今日她主动来找他,他知道她想要与他重修旧好的意思。其实她不来见他,他临去燕国前也会去找她和解的。
两个月过去了,见到她也不会很厉害地想到孩子,也不会因为丧子之痛影响对她的感情了。他也调试好了夜和她在他心中旗鼓相当的天平,不会再因夜一念之错误伤了他的孩子,而愤懑夜了。
他什么都准备好了,这几日就准备与她好好生活。过去的已经过去了,孩子没了还会再有,他们还会有很多很多的孩子。最重要的,不是缅怀失去和过去,是把握现在。
今天她活生生地站在他的面前,他却又不得不面对现实。睿清王说她昨日去了睿清王府,睿清王给她诊脉,断出她因身中异毒身体孱弱以致诞不下孩子。那解药,唯燕国王室独有。燕国,他是必须去一趟了。
龙御夜进入我身体的那一刻,我只觉一道冷线从脖子处直灌下来,周身都布满了惊怖的栗粒。
强占么,又是强占么。先是龙煌灼,然后是他。
才闭上眼不去看身上那张让我绝望的容颜,铺天盖地的黑暗已突袭而来。那夜也是在落霞殿的这张床上,歇斯底里的的恐怖重又回放在脑海。
抑制不住地失声尖叫了出来,龙御夜给那声尖叫惊住,顿了动作。他显然是料到了我失常的原由,俯下身吻我的面容,吻我的唇,在我耳边轻轻地道:“别怕,睁开眼来看我,是我,不是别人。”
我全身冷汗涔涔,噩梦才醒,见着了身上的他,又一轮的噩梦袭来。龙御夜已抚去我额上的汗珠,缓缓动作。
他的动作很和缓,同时不断地亲吻和抚摩试图让我放松自己,可我全身依然紧绷,无论如何也接受不了眼前的现实。
不知过了多久,我的身体渐渐被他打开。细微的快感也若有若无。麻木。木然地感觉被他冲击的战栗的身体根本不是自己的。

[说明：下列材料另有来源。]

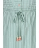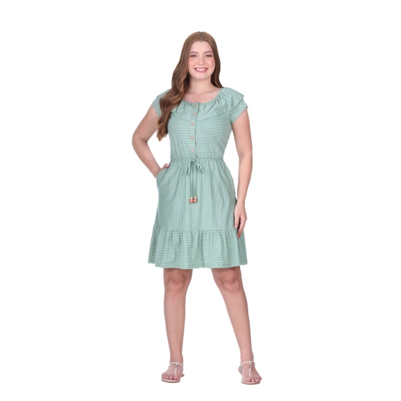Vestido confeccionado em malha listrada, decotecom elástico interno e babado, fechamento frontalpor botões, cintura com elástico interno, detalheem viés fixo com ponteiras e bolsos funcionais.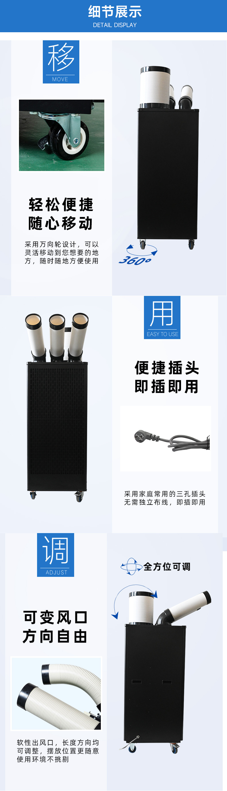 6、三個(gè)冷風(fēng)口均可270度擺風(fēng),適用于3-5個(gè)崗位的降溫

好不容易,他结束了他的缠绵,小心地为我清理了身体,掖了掖我的被子,将我拥在他的怀里,睡下。
我蜷在他的怀里流泪,一直流着,怎么也干不了。
他闭着眼,呼吸轻微。但我知道他一夜没睡。不说话,只是沉默。
早上的时候连翘和一帮宫女端了盥洗用具过来,见着一地板的龙御夜和我的衣物,连翘手中的金盆,“砀”地一声落在了地上。
到底都是见过世面的宫人,龙御夜吻了吻我,起了身,由着宫人服侍着更衣,“好好侍侯公主,朕去去就来。”
龙御夜不是去上朝,他来的时候手里拿了道圣旨,递给了万忠。
“朕惟教始宫闱,端重肃雝之范,礼崇位号,实资翊赞之功,锡赐以纶言光兹懿典。咨尔公主岳氏,丕昭贤惠,珩璜有则,持躬为慎,秉性安和,臧嘉成性,著容问于璇宫;敬慎持躬,树芳名于椒掖。曾仰承前太后慈谕,以册印封尔为贵妃。尔其懋温恭尚祇,承夫嘉命,弥怀谦抑,庶永集夫繁禧。钦哉。”
贵妃?
我漠然地听着万忠念着圣旨,既不叩拜也不领旨谢恩。木然地睡在床上,看窗台上雨后的合欢花巍颤颤地开放。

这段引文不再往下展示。